Return every line from the one with "Villeroy & boch" through the one with "This vintage tin, used", inclusive, exactly as it appears below.

## DATA SECTION

....

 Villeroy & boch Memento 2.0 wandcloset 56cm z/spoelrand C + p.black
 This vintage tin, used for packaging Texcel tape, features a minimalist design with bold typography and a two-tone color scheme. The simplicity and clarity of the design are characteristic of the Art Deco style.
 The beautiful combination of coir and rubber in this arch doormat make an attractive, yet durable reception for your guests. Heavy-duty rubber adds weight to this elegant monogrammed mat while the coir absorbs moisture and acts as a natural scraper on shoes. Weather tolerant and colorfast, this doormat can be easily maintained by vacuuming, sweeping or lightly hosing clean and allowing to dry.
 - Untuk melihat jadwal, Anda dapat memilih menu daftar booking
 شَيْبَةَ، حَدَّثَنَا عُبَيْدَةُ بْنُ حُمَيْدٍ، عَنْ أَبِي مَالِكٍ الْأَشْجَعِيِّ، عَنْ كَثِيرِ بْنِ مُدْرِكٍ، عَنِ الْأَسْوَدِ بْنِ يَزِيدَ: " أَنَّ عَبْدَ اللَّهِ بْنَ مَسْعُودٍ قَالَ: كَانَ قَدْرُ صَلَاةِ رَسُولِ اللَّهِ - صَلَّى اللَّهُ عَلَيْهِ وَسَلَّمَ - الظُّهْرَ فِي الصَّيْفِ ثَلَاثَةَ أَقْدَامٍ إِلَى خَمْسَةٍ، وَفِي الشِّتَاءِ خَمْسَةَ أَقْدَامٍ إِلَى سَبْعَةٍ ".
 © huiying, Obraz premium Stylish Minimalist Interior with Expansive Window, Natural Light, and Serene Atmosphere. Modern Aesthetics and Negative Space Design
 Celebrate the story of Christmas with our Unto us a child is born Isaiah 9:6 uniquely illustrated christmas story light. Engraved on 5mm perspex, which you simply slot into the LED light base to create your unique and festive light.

....

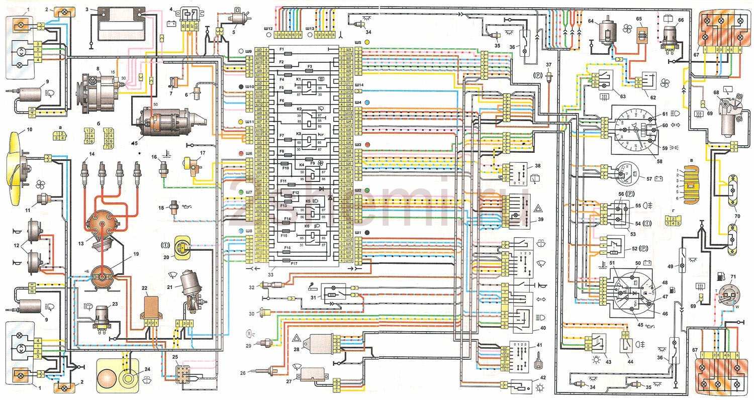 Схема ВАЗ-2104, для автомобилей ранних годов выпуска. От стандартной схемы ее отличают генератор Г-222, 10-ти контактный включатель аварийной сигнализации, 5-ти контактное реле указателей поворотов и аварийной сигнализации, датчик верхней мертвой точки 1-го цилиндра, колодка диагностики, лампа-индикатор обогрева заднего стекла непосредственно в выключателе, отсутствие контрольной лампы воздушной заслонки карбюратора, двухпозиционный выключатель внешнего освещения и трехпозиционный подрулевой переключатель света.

....

## SOLUTION TO THE EXERCISE
 Villeroy & boch Memento 2.0 wandcloset 56cm z/spoelrand C + p.black
 This vintage tin, used for packaging Texcel tape, features a minimalist design with bold typography and a two-tone color scheme. The simplicity and clarity of the design are characteristic of the Art Deco style.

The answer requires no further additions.